Lessons From A Funeral
I used to just assume that most people understood and knew the good in themselves. I didn’t tell people I saw their awesomeness, their worth, their beauty, because I thought it was obvious. Now I know it isn’t. Not to them, anyway. Even a person you look up to, a person you see as successful & confident (so obviously, they’d know their own awesomeness, right?), doesn’t necessarily see what you see.
You should tell them what you see.
I first started thinking about this at my Dad’s funeral three years ago. So many people talked about how he affected their lives and what he meant to them, yet he often considered himself a useless failure. (Once, when I was a kid, I found a piece of paper he’d written “I’m a failure” on over and over until it filled the page, so I’m not exaggerating here). I started thinking about how we often don’t tell each other these things until it is too late.
There have been quite a few posts lately that I’ve seen about telling people you like their art, words, creations, or just that you appreciate their existence. It’s fitting that I’m seeing them on the week that it’s been 3 years since I lost my Dad. Three years since that funeral.
One of those posts was a twitter poll. I answered the joke answer, but ended up replying. I decided, though, that twitter really isn’t the best place to write about it. Because it would be a long, broken up thread. So, I am writing here instead. Not to anyone in particular. To everyone.
I don’t @ people online often. Even when I’m mentioning how much I enjoy what they created. I have a list of reasons why, mostly based in anxiety (which is based in fear, which I’ve always called my (and the world’s) greatest enemy). It always felt like a cry for attention when it was really just me trying to tell someone I enjoyed what they created. (And as with all things, I’m always afraid I’ll be misunderstood or leave a typo). The recent posts have made me realize that it’s all silly excuses and I should be letting people know that I enjoyed their work.

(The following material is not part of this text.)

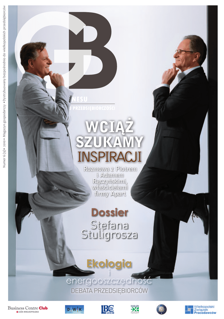 Numer 6 (9)• 2010• Magazyn gospodarczy •Dystrybuowany bezpośrednio do wielkopolskich przedsiębiorców WCIĄŻ SZUKAMY INSPIRACJI Rozmowa z Piotrem i Adamem Rączyńskimi, właścicielami firmy Apart Dossier Stefana Stuligrosza Ekologia i energooszczędność DEBATA PRZEDSIĘBIORCÓW AKTUALNOŚCI 6 Co nas czeka w 2011 roku? 6 Główny Inspektor Pracy w Poznaniu 7 Wielkopolanie z medalami 8 Jubileusz PIGIEiK 9 O lotnisku na Forum 10 Kandydaci o gospodarce 9 ROZMOWY GŁOSU 12 Wciąż szukamy inspiracji Rozmawiamy z Piotrem I Adamem Rączyńskimi, założycielami i właścicielami firmy Apart. ORGANIZACJE BIZNESOWE: DEBATA 12 17 Ekologia i energooszczędność FELIETONY 24 Kto naprawdę sprzyja biznesowi? „Okiem z Brukseli” Filipa Kaczmarka 26 Co może zarząd? Porady prawne Jerzego Krotoskiego DOSSIER 34 25 Pasja kształtuje człowieka Stefan Stuligrosz Rada redakcyjna: Anna Lisewska Bussines Centre Club – Loża Wielkopolska Iwona Marszałek Polsko-Niemieckie Koło Gospodarcze (DWK) Grzegorz Wichniarek Lech Business Club Kalina Kiser-Beyme Polska Izba Gospodarcza Importerów, Eksporterów i Kooperacji Karina Plejer Wielkopolski Klub Kapitału Małgorzata Animucka Wielkopolski Związek Pracodawców Redakcja i realizacja: Skivak Custom Publishing www.skivak.pl Dyrektor wydawniczy: Damian Nowak [email protected] C: 0, M: 75, Y: 100, K: 0 C: 0, M: 0, Y: 0, K: 100 Redakcja „Głosu Biznesu” nie zwraca materiałów niezamówionych oraz zastrzega sobie prawo do skrótów i redakcyjnego opracowania tekstów przyjętych do druku. Za treść reklam i ogłoszeń redakcja nie odpowiada. 4 GŁOS BIZNESU │ Nr 6│2010 Redaktor prowadzący: Krzysztof Piech [email protected] Skład: Paweł Chlebowski [email protected] Fotografie: Skivak Custom Publishing, Okładka: Archiwum Apart Adres redakcji: Głos Biznesu ul. Głuchowska 1, 60-101 Poznań tel. + 48 061 625 61 15 fax + 48 061 625 61 21 www.glos-biznesu.pl Dołącz do nas na Facebook'u Druk i oprawa: Drukarnia Classic www.classic.net.pl SPIS TREŚCI PODRÓŻE 28 Voucher, czyli dobry pomysł na prezent 36 38 ZDROWIE 29 Zdrowie na wyciągnięcie ręki GOSPODARKA 30 Inwestycje kontra środowisko TECHNOLOGIE 34 Nie ma się czego bać WIELKOPOLSKIE GMINY 36 Tarnowo pnie się w górę LIFESTYLE 38 Tradycja z Londynu 39 Operacja Dress Code 40 Sztuka palenia cygar KALENDARIUM 42 Wydarzenia biznesowe i kulturalne 40 KALENDARIUM Etos i ekologia 42 Wydarzenia biznesowe i kulturalne Ani się obejrzeliśmy, a nadszedł grudzień – czas inwentur, podsumowań, wyciągania wniosków, snucia planów na przyszłość, wdrażania nowych pomysłów. Zarówno w redakcji „Głosu Biznesu”, jak i we wszystkich wielkopolskich przedsiębiorstwach. Mamy nadzieję, że nadchodzący Nowy Rok będzie dla nas wszystkich udany, czego – obok spokojnych i radosnych świąt Bożego Narodzenia – serdecznie naszym Czytelnikom życzymy! W tym numerze polecamy Państwa uwadze zwłaszcza wywiad z Piotrem i Adamem Rączyńskimi. Imponuje nam wielkopolski etos pracy, a założona przez nich firma – Apart – to świetna ilustracja tego właśnie etosu. W naszym cyklicznym przeglądzie podpoznańskich gmin przyszedł czas na Tarnowo Podgórne, czyli inny wzór wielkopolskiej gospodarności. Raport gospodarczy poświęcony jest proceduralnym problemom, jakie może napotkać inwestor, czyli tzw. decyzjom środowiskowym, natomiast temat, który zaproponowaliśmy przedsiębiorcom w naszej tradycyjnej debacie, to „Ekologia i energooszczędność”, co – jak się okazuje – również ściśle związane jest z (wielkopolską) gospodarnością. Zespół redakcyjny „Głosu Biznesu” Nr 6│2010 │ GŁOS BIZNESU 5 AKTUALNOŚCI Co nas czeka w 2011 roku? Październikowe spotkanie Wielkopolskiego Klubu Kapitału odbyło się na zaproszenie Jarosława Młynarczyka, Dyrektora Centrum Bankowości Biznesowej BZ WBK SA w Poznaniu, członka Klubu. W stylowej Sali Kominkowej w siedzibie Banku przy Placu Wolności, przybyli na spotkanie goście zapoznali się z bieżącymi informacjami na temat działalności BZ WBK i wysłuchali interesującego wystąpienia Piotra Bielskiego – Starszego Ekonomisty Banku – który dokonał analizy obecnej sytuacji makroekonomicznej w Polsce i przedstawił prognozy na najbliższe lata. Według BZ WBK przed Polską jest rok, który będzie się charakteryzował umiarkowanym rozwojem i poprawą makroekonomiczną. Jednak, jak podkreślił Ekonomista Banku, wystąpi bardzo duże zróżnicowanie tego ożywienia. Zaprezentowane dane zapoczątkowały ciekawą dyskusję, którą kontynuowano w drugiej części spotkania, przy smacznych potrawach i napojach, którymi ugościł wszystkich Bank Zachodni WBK. Główny Inspektor Pracy w Poznaniu Główny Inspektor Pracy, Tadeusz Jan Zając, oraz Krzysztof Fiklewicz, Okręgowy Inspektor Pracy w Poznaniu, spotkali się z zarządem i członkami Wielkopolskiego Związku Pracodawców. T adeusz Zając odwiedził Poznań 21 września, a podejmowali go Jacek Silski (prezes WZP) oraz Zbigniew Stochalski i Krzysztof Kłosowicz (wiceprezesi Związku). W spotkaniu uczestniczyli także pracodawcy reprezentujący największe zakłady pracy Poznania. W trakcie spotkania ustalono, iż strony – inspekcja pracy i WZP – podejmą inicjatywę poszukiwania formy współpracy, która będzie skutkować próbą zmiany prawa pracy w zakresie dzisiaj obowiązujących kłopotliwych, kosztownych i często nielogicznych przepisów. Minister Zając zadeklarował, że po przygotowaniu tematów w Poznaniu jest gotów osobiście się zaangażować, przyjechać na kolejne spotkanie i pilotować dalsze rozwiązywanie przedstawionych problemów. Przygotowanie spraw w Poznaniu będzie się odbywać poprzez kontakt przedstawicieli WZP z Inspektorem Okręgowym Krzysztofem Fiklewiczem i polegać na dokładnym opisaniu zastrzeżeń Pracodawców do konkretnych przepisów. Po zakończeniu spotkania wszyscy jego uczestnicy wzięli udział w zw

After my dad’s funeral, I planned to write some letters to people from my past who probably don’t know how much they affected my life. I started two of them. I never finished or sent either one. One is to my art teacher and adviser from college. I have a degree in art. I’ve taken art classes in and out of school since elementary school. He’s the first teacher who allowed me the freedom and support to stop trying to be the artist others wanted me to be, and start being the artist I am. He’s also the first art teacher I had that treated students like artists instead of students. To explain that would be an entire post itself so I’ll leave it there for now. (Maybe I’ll write that post later).

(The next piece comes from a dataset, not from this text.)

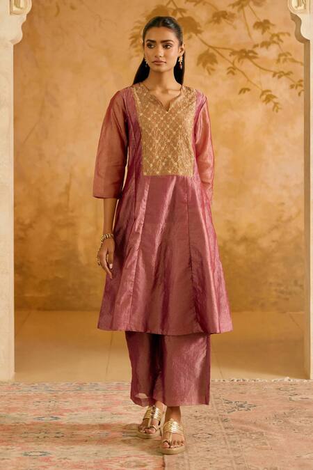 Purple straight kurta featuring a v-neckline and three-quarter sleeves. Paired with matching pants in crush tissue fabric.
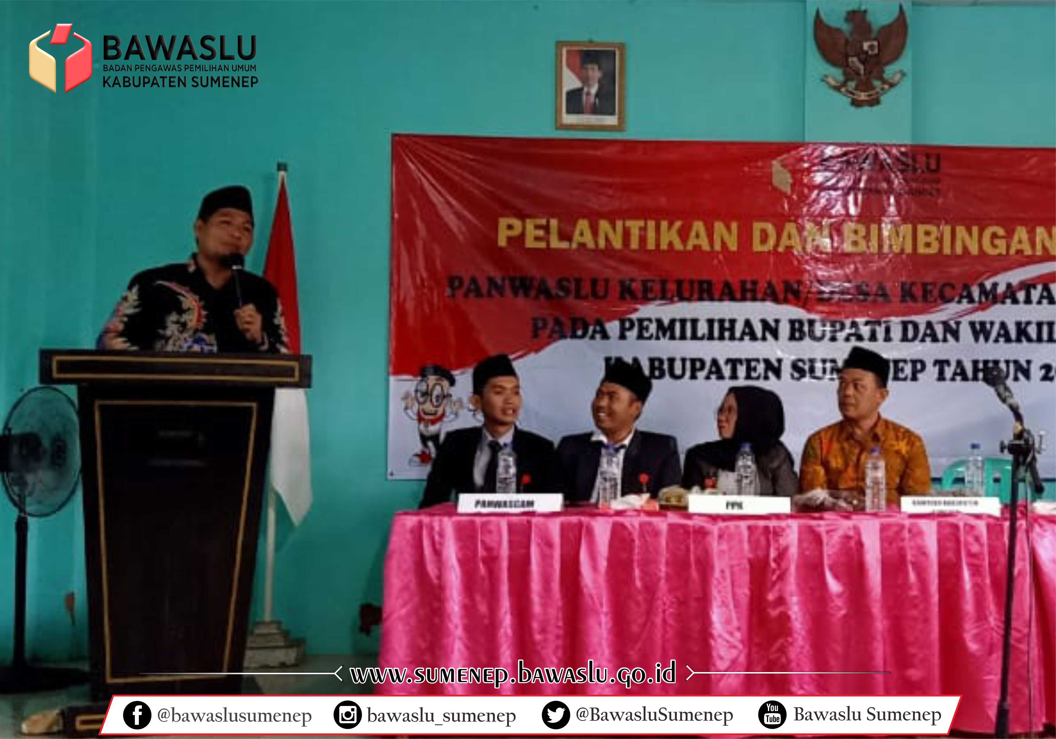 Anggota Bawaslu Kabupaten Sumenep Koordinator Divisi OSDM & DATIN Hosnan Hermawan menyampaikan, bahwa pelaksanaan pelantikan ini dilakukan secara serentak di 27 kecamatan di Sumenep terhadap Pengawas Kelurahan/Desa.

Another thing I said I would do after the funeral was to tell people things I would often (not always, but more often than I should) leave in my head. Simple things. Every day things. I used to do it – tell people. I went through old posts and saw how much I used to interact online, and I know life mirrored that (or it mirrored life?), but it dropped off after a time where grief started crushing me. I lost quite a few people and pets in a row, and grief likes to compound. I don’t think I realized quite how much it changed me until now. I retreated from life. But I needed that retreat at the time. I don’t need it anymore.

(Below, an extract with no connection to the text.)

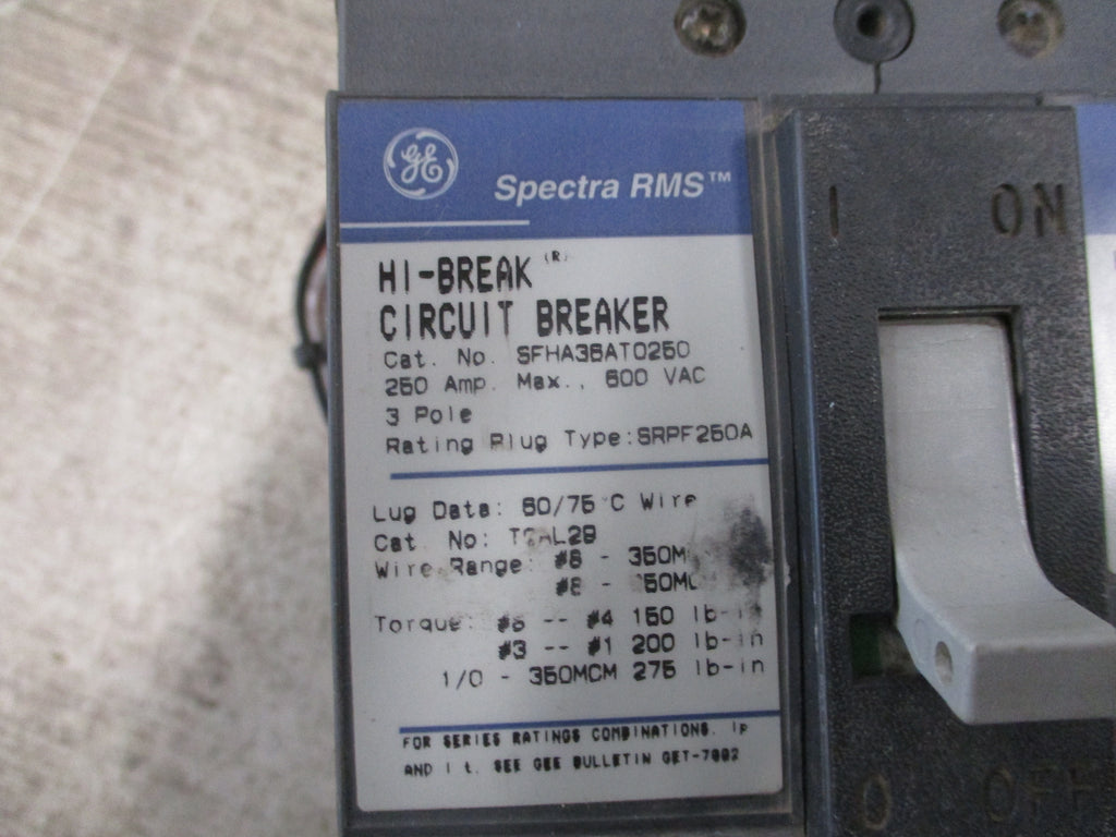 GE Spectra RMS Hi-Break Circuit Breaker SFHA3BAT0250 250A 600V 3P Used LOC 56H4-13

So, that is my new goal for this year. To mention the good, the beauty, the worth, the awesomeness. The world may suck and seem like it’s falling apart, but we are all stuck here together. And maybe I can make someone’s day a little brighter. Or maybe I can help someone see themselves from another perspective. Even if it’s only for a fleeting second. If the past three years have taught me anything, it’s that we can all use more seconds of happiness or light.